Apple and Qualcomm’s messy legal battles are heating up as Apple CEO Tim Cook prepares to give a deposition on June 27th, 2018.
Cook will testify in regards to a Qualcomm lawsuit that accuses the Cupertino-based tech giant of lying to regulators in order to start investigations of Qualcomm following complaints over chip royalties.
The full legal document can be viewed below.
The two tech giants have been at war with one another for over a year now.
In January 2017, Apple filed a $1 billion lawsuit against Qualcomm, stating the company was “charging royalties for technologies they have nothing to do with.”
Apple further argued that Qualcomm was charging “at least five times more in payments than all the other cellular patent licensors we have agreements with combined.”

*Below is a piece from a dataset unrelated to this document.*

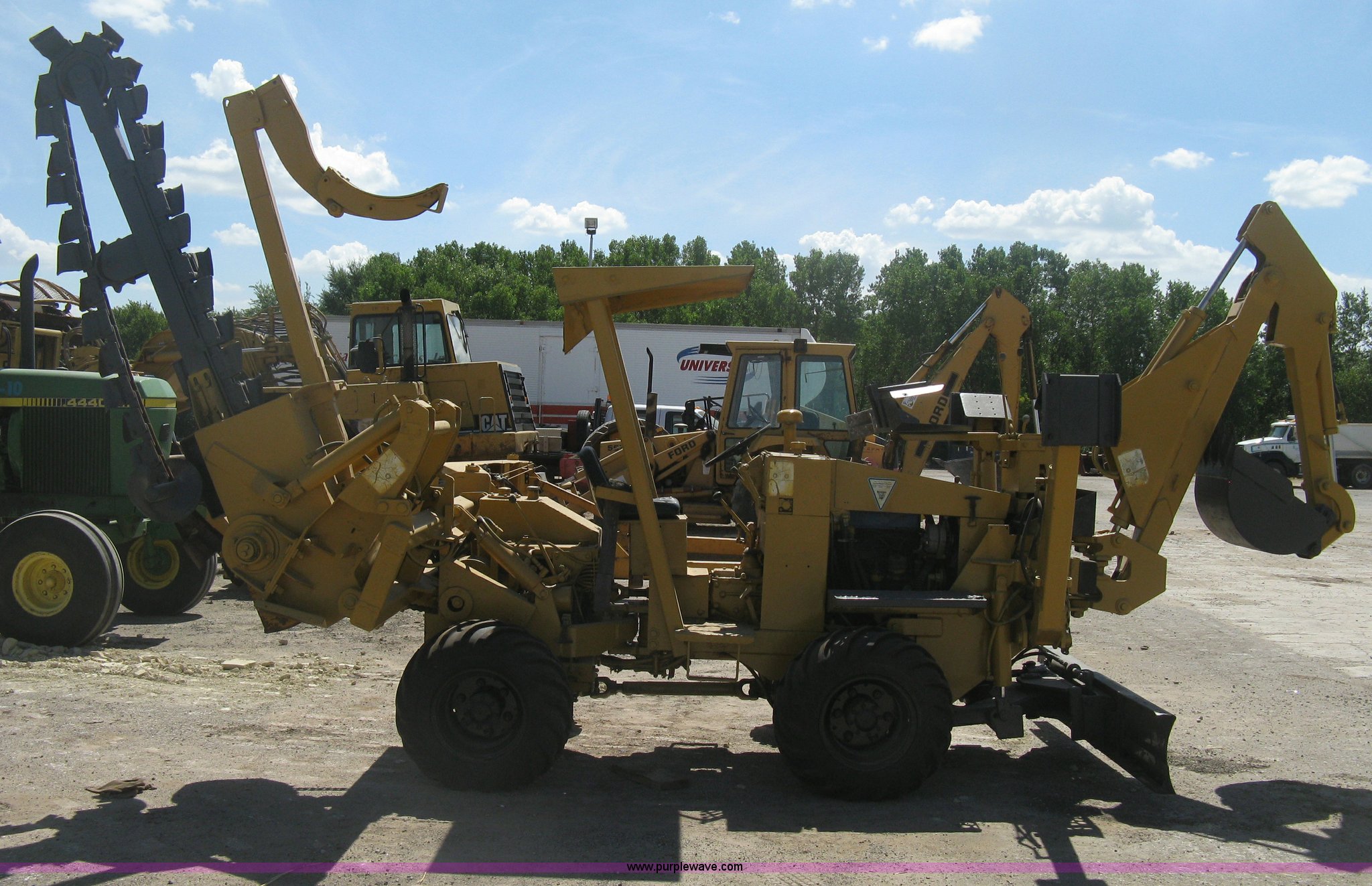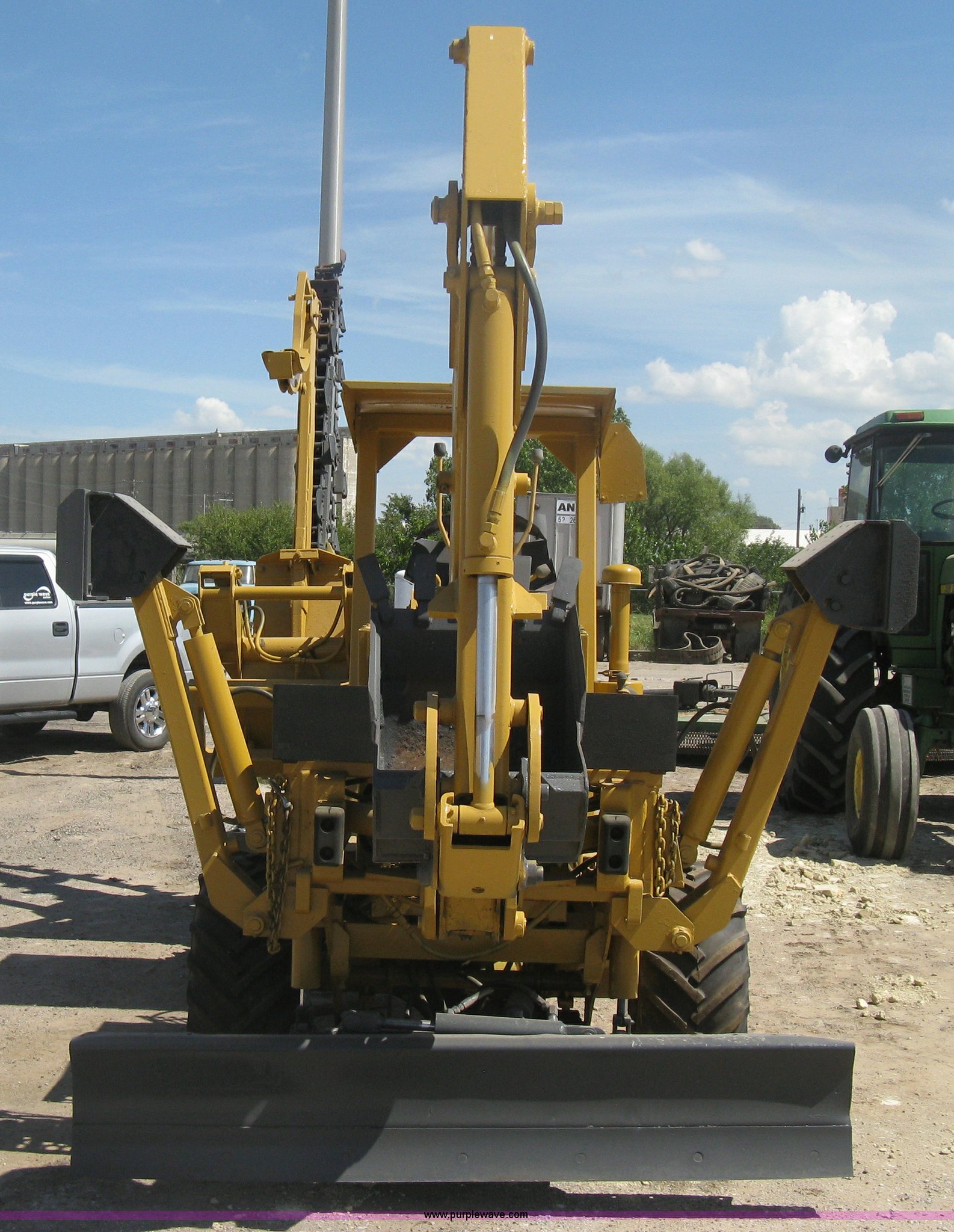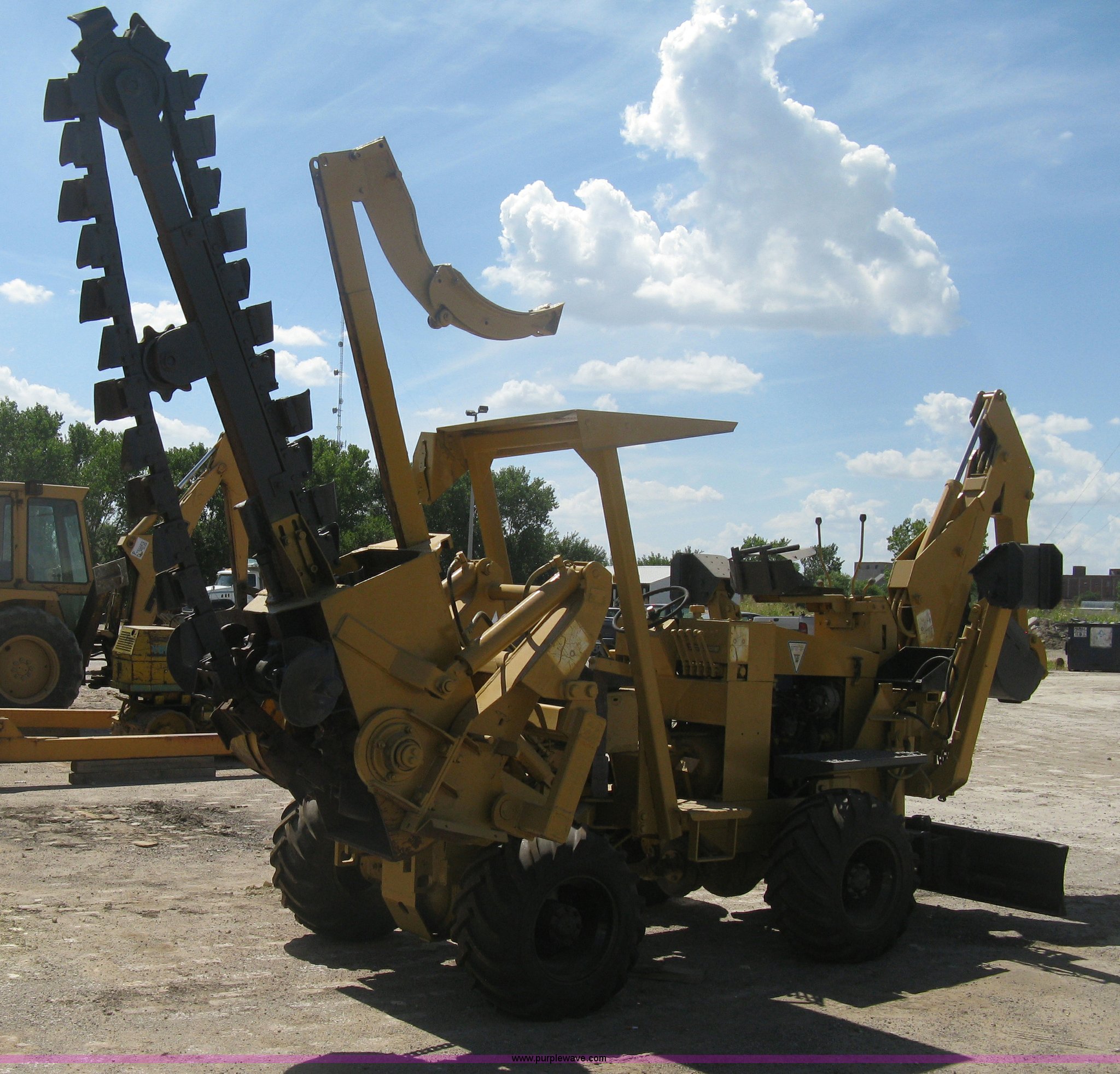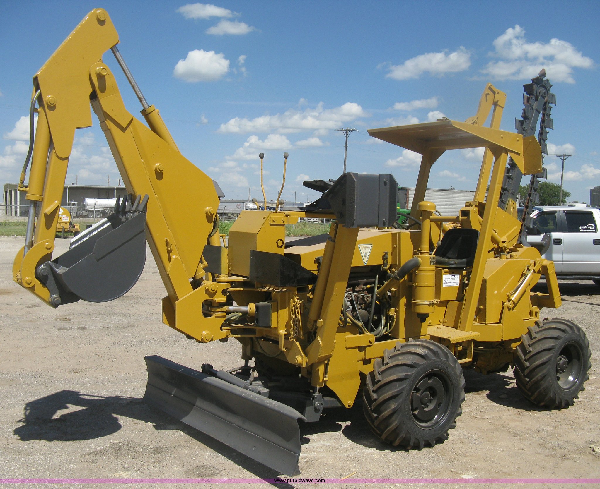 Purple Wave is selling a used Trencher or Rock Saw in Kansas. This item is a Vermeer M455 trencher with the following: 1,141 hours on meter, Ford Industrial four cylinder gas engine, Four speed manual transmission, Four wheel drive, Two post roll bar, Hard top canopy, Chain drive trencher, Approximately 80" from discharge auger to end of chain boom, Twin cylinder hydraulic lift, Serial 264, 80" backfill blade, Tilt, Outriggers with reversible street/dirt pads, Street pads missing, 48"L backhoe stick, 18" pin-on toothed bucket, Recently replaced 31x15.5-15NHS tires, Recently replaced starter, Manuals, Serial 103

As a result, Apple said it would withhold making any royalty payments to Qualcomm until the dispute was resolved.
In response, Qualcomm later sued Apple contract manufacturers — who are charged by Qualcomm on behalf of Apple — for failing to pay royalties on licensed agreements. “Apple is attempting to inflict severe, immediate, and permanent harm on Qualcomm to force Qualcomm to agree to Apple’s unreasonable demand for a below-market direct license,” Qualcomm wrote in a court filing.
At one point, a May 2017 report suggested Qualcomm was attempting to get the International Trade Commission to ban the iPhone — which is manufactured in Asia — from entering the U.S., although nothing came out of these alleged plans.
Qualcomm later claimed that Apple was in violation of six of its own battery patents, to which Apple responded by alleging that Qualcomm’s Snapdragon chipset was infringing on eight battery life patents.
Specifically, Apple singled out the Snapdragon 800 and 820 as part of the infringements, chips that are a few generations behind Qualcomm’s current 835 flagship but are still used for in-market devices such as the Samsung Galaxy S7 and BlackBerry DTEK60.
Cook’s court appearance seems to be the first major step forward in resolving the long-running legal disputes.